Oona discovered that the bus displays in her area use Data Radio Channel (DARC) encoding. Once she discovered that no DARC decoders exist online, she implemented the full five layer DARC protocol stack in Perl and was left with data packets that had some human readable strings containing information such as bus terminal stations. With some extra work she was able to also get more information such as expected waiting times and bus numbers as well.

Bus Terminal Packet
Bus Terminal Packet

Using the RTL-SDR to listen to the Funcube Satellite

Recently, the FUNcube-1 satellite was successfully launched. The FUNcube is a CubeSat (a low cost miniature 10cm cube sized satellite) which is intended mainly for educating young people about radio, space, physics and electronics, but has also piqued the interest of amateur radio hobbyists.

Amateur radio hobbyist N4JTC’s has shared on his blog his experiences with receiving the FUNcube-1’s telemetry using his RTL-SDR dongle. By using the RTL-SDR to receive the telemetry beacon as the satellite passes overhead, he was able to use the FUNcube Dashboard software to record and decode and view the satellites telemetry data.

Receiving the FUNcube-1 Satellite
Receiving the FUNcube-1 Satellite

Demo of Osmocoms ‘Phosphor’ Spectrum Visualizer

Over on YouTube, user superkuh2 has posted a video showing off osmocoms gr-fosphor GNU Radio block which shows a real time spectrum visualization using the GPU. He combines gr-fosphor with multimode for visualizing the ISM and pager bands with his RTL-SDR.

osmocom's fosphor with patchvonbraun's multimode looking at ISM + FLEX pager bands with rtlsdr

Decoding Efergy Energy Monitor Signals with RTL-SDR

An Efergy energy monitor is a wireless device with an LCD screen that shows how much power your household is using.
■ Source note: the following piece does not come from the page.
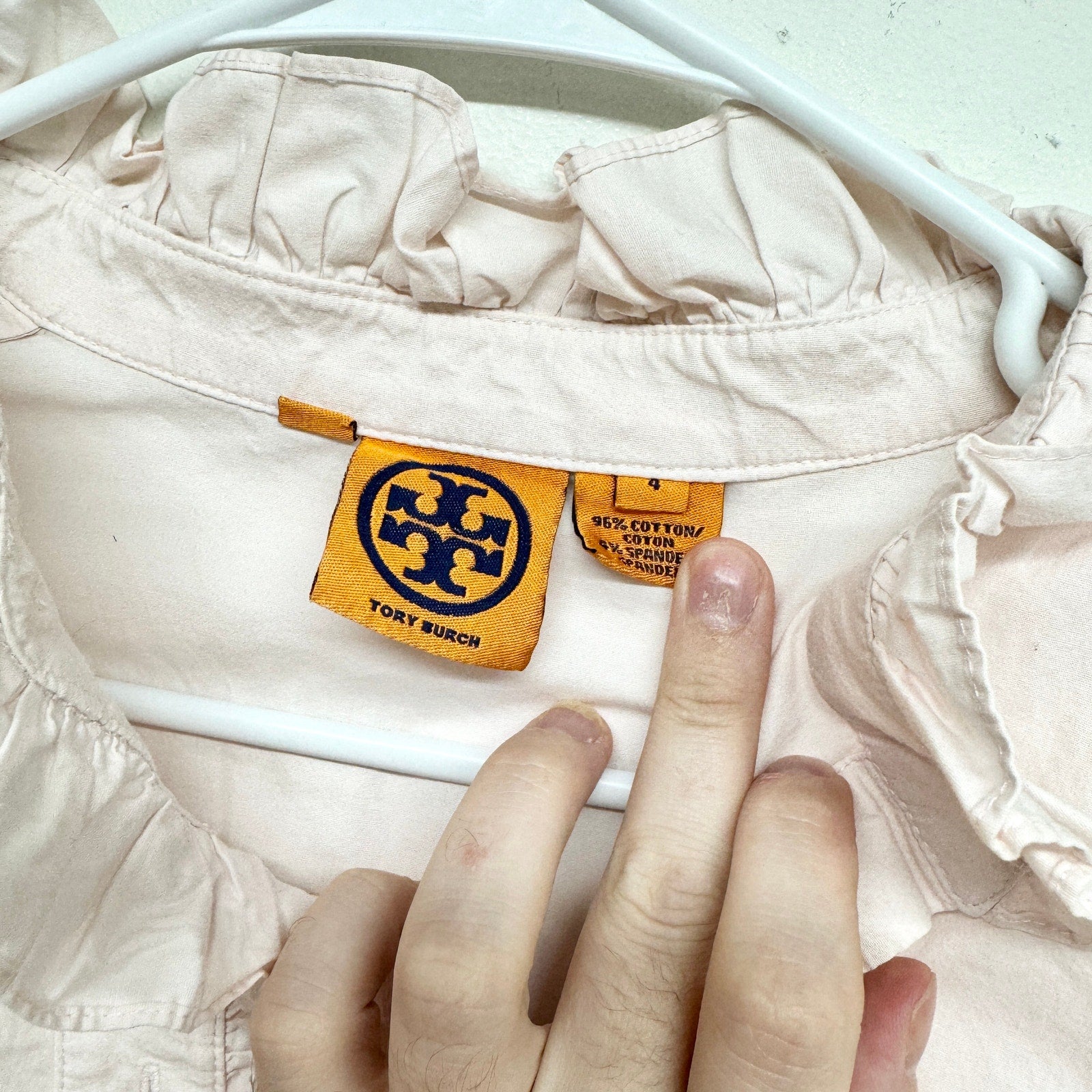 Tory Burch Women Light Pink Ruffled Neckline Long Sleeve V Neck Blouse Size 4

The device is useful for helping reduce power usage by determining what appliances cause the largest power draw.

Nathaniel Elijah has posted on his blog about how he was able to create an RTL-SDR based decoder for the FSK data transmissions sent out by the Efergy energy monitor. His program receives and decodes the transmissions, saving the data to an excel file for later analysis.

Gough Lui from the Goughs Techzone blog has also attempted decoding these energy monitors as well, and has written a large writeup on his experiences.

Update: Gough Lui has been working on extending Nathaniels software and now has it working in Windows, and sending broadcast UDP packets of the received data.

Decoding an Efergy Energy Meter with RTL-SDR
Decoding an Efergy Energy Meter with RTL-SDR and a Raspberry Pi

Visualizing Broadcast Satellite Signals with the RTL-SDR

Over on Gough’s Tech blog, Lui Gough has posted about his experiences with visualizing broadcast satellite signals with the RTL-SDR. In his post he shows how to receive broadcast satellite signals by using a LNB, or low noise block downconverter, which allows the RTL-SDR to receive satellite frequencies which are typically out of the range of the RTL-SDR.

Later in the post he also shows what several broadcast satellite signals look like on the waterfall, as well as some of their telemetry signals.

Visualizing Satellite Signals
Visualizing Satellite Signals

True Random Numbers with RTL-Entropy

RTL-Entropy is a Linux based entropy generator which uses the RTL-SDR as the entropy source. It works by using the RTL-SDR to sample atmospheric noise and then using that noise to create randomly generated numbers.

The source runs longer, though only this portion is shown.